IBM’s Watson supercomputer destroys all humans in Jeopardy.
No matter what companies say, AI is not going to solve the problem of content moderation online. It’s a promise we’ve heard many times before, particularly from Facebook CEO Mark Zuckerberg, but experts say the technology is just not there — and, in fact, may never be.
Most social networks keep unwanted content off their platforms using a combination of automated filtering and human moderators. As The Verge revealed in a recent investigation, human moderators often work in highly stressful conditions. Employees have to click through hundreds of items of flagged content every day — everything from murder to sexual abuse — and then decide whether or not it violates a platform’s rules, often working on tightly-controlled schedules and without adequate training or support.
When presented with the misery their platforms are creating (as well as other moderation-adjacent problems, like perceived bias) companies often say more technology is the solution. During his hearings in front of congress last year, for example, Zuckerberg cited artificial intelligence more than 30 times as the answer to this and other issues.

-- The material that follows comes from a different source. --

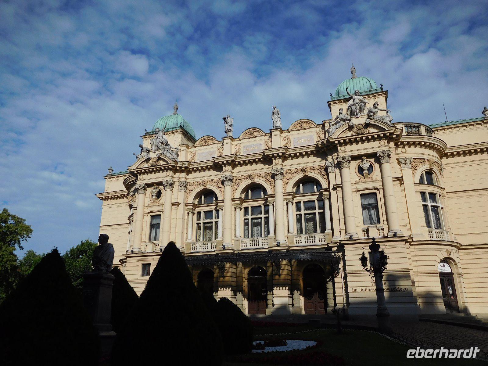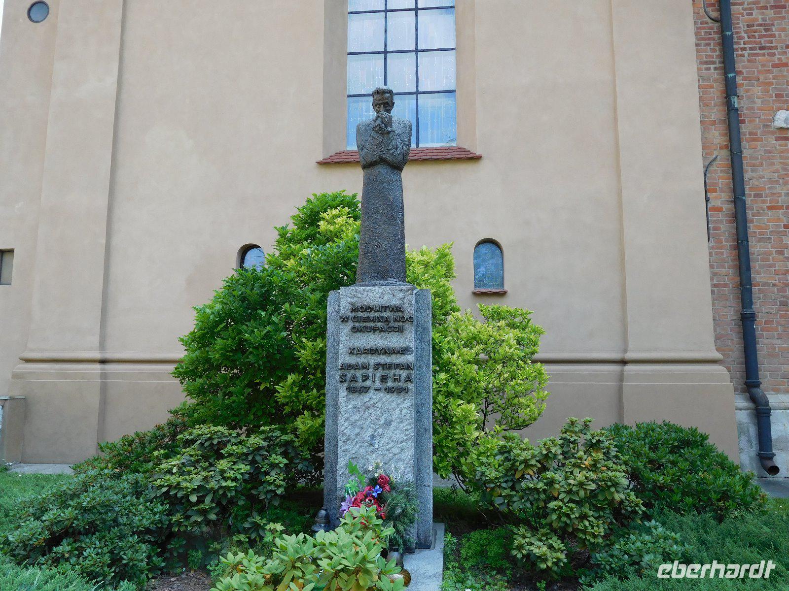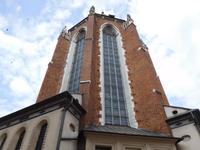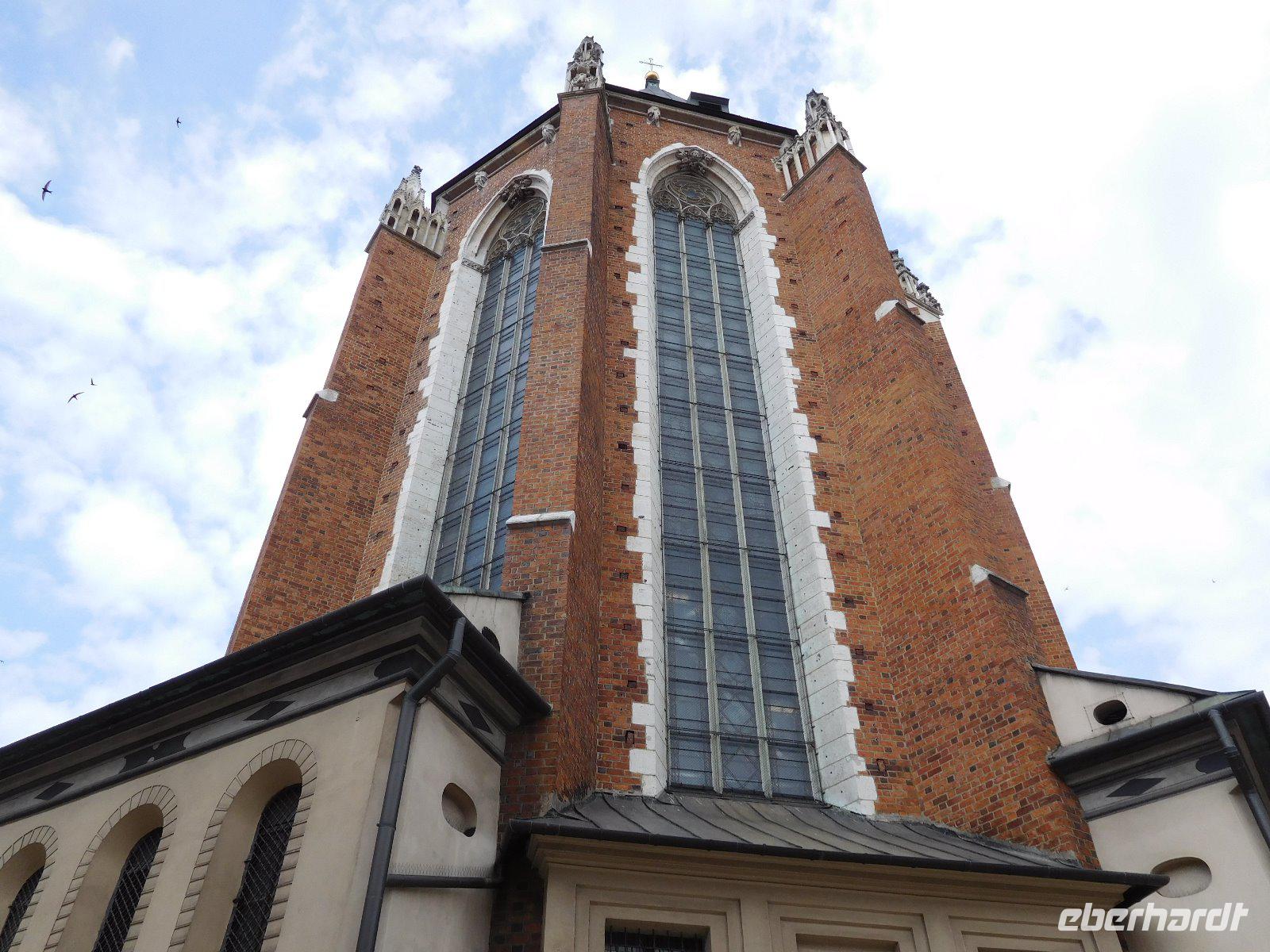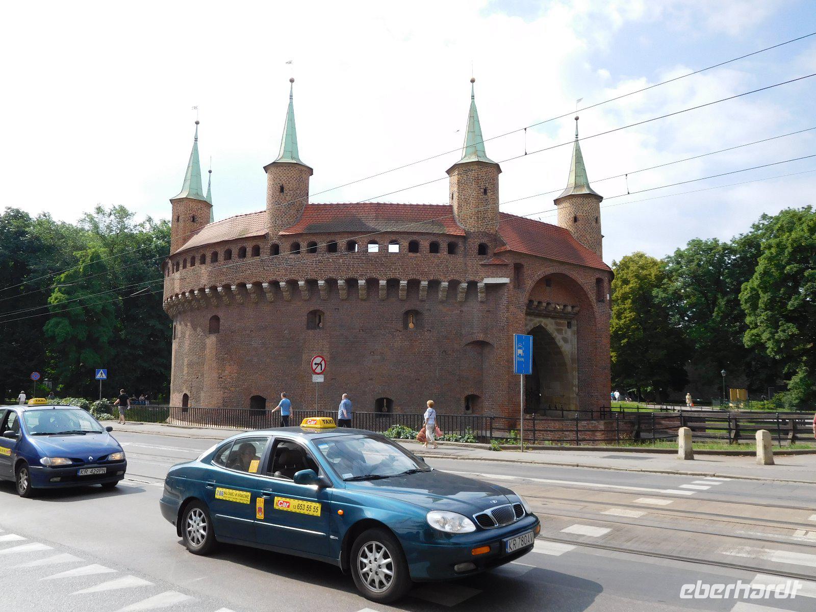 Gleich am Morgen starteten wir gemeinsam mit Guide Ela zum Stadtspaziergang durch Krakau, der uns zuerst an der elfenbeinweißen Florianskapelle mit ihrer barocken Gestalt aus dem 17. Jahrhundert, dann am - an diesem Vormittag noch verhüllten - Grundwald-Denkmal vorbei zum Barbakan. Dieses wuchtige Verteidigungswerk vor der Stadtmauer steht seit dem 15. Jahrhundert zum Schutz der Krakauer Stadtmitte bereit. In die Krakauer Altstadt selbst gelangten wir durch das Florianstor aus dem 14. Jahrhundert, dem letzten erhaltenen Stadttor der Krakauer Stadtmauer. Weiter führte uns Ela durch die mittelalterlichen Gassen, die nicht nur dank der warmen Temperaturen italienisch anmuteten, am Krakauer Juliusz-Slowacki-Theater vorbei bis hin zum kleinen Rynek. Nun war die Zeit für ein besonderes Schauspiel: Das Hejnal wurde vom Turm der Marienkirche gespielt. Hier spielt ein Trompeter jede volle Stunde diese Melodie in jede Himmelsrichtung Krakaus. Das Spiel endet in Krakau abrupt, womit es an den Mongolenangriff im 13. Jahrhundert erinnert. Der damals warnende Trompeter wurde, so die Legende, während des Trompetenspiels von einem Pfeil tödlich getroffen. Heute wird das Hejnal Mariacki täglich um 12 Uhr im Polnischen Radio gespielt. Weiter führte uns der Weg über den Rynek und durch die Tuchhallen, in denen heute Polnische Folklore und Handwerkskunst feilgeboten wird. Der Rathausturm wurde zum markanten Treffpunkt und die moderne Darstellung des Eros-Kopfes von allen bestaunt: Kopflos und Blind, so wird die Liebe in Krakau symbolisiert.
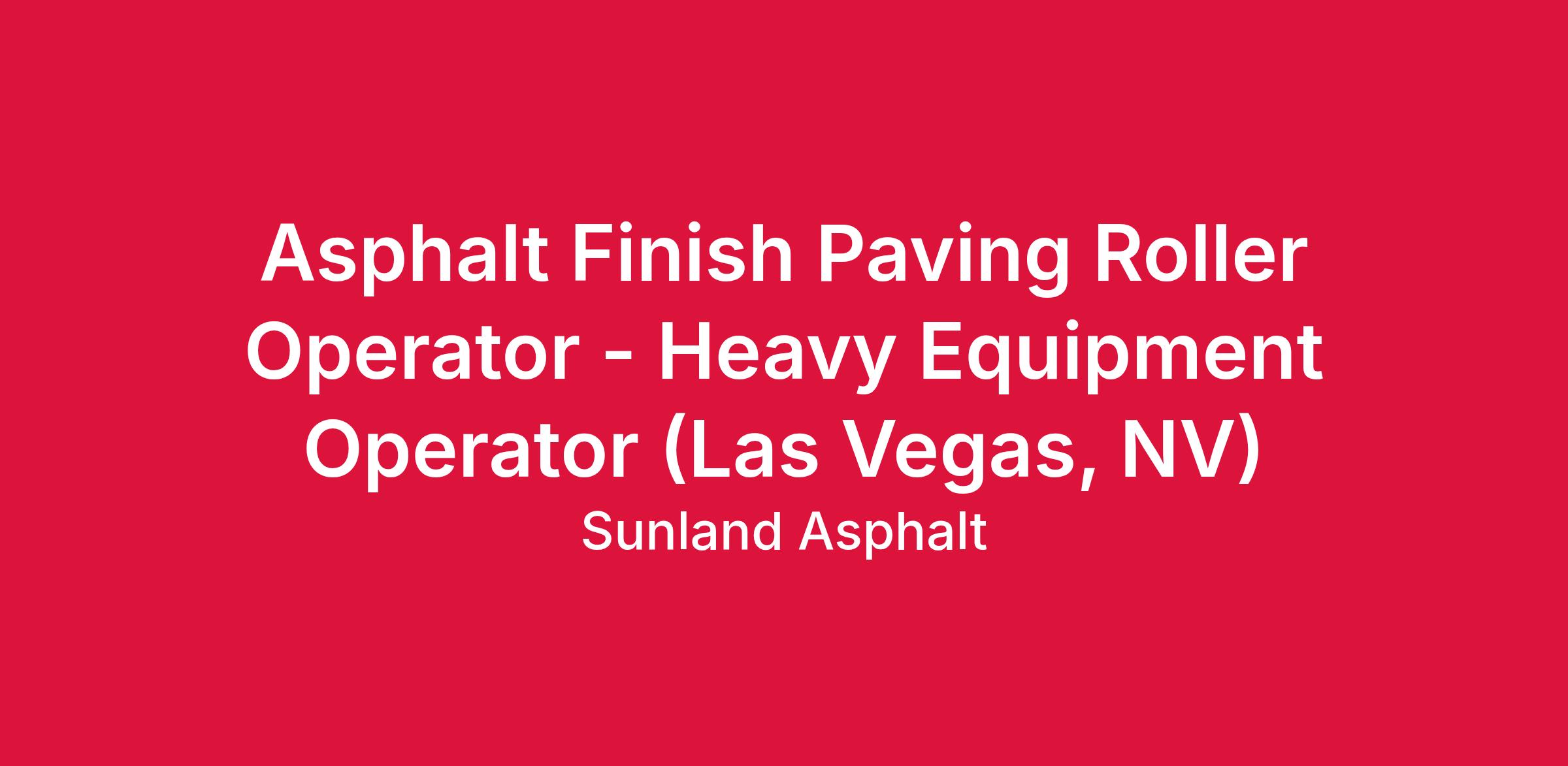 The Heavy Equipment Operator (Asphalt Finish Paving Roller) performs a variety of physical tasks to include operating heavy equipment and machinery and using power tools and/or hand tools for applying asphalt products as defined by each job/project.

“AI is Zuckerberg’s MacGuffin,” James Grimmelmann, a law professor at Cornell Tech, told The Washington Post at the time. “It won’t solve Facebook’s problems, but it will solve Zuckerberg’s: getting someone else to take responsibility.”
So what is AI doing for Facebook and other platforms right now, and why can’t it do more?
Right now, automated systems using AI and machine learning are certainly doing quite a bit to help with moderation. They act as triage systems, for example, pushing suspect content to human moderators, and are able to weed out some unwanted stuff on their own.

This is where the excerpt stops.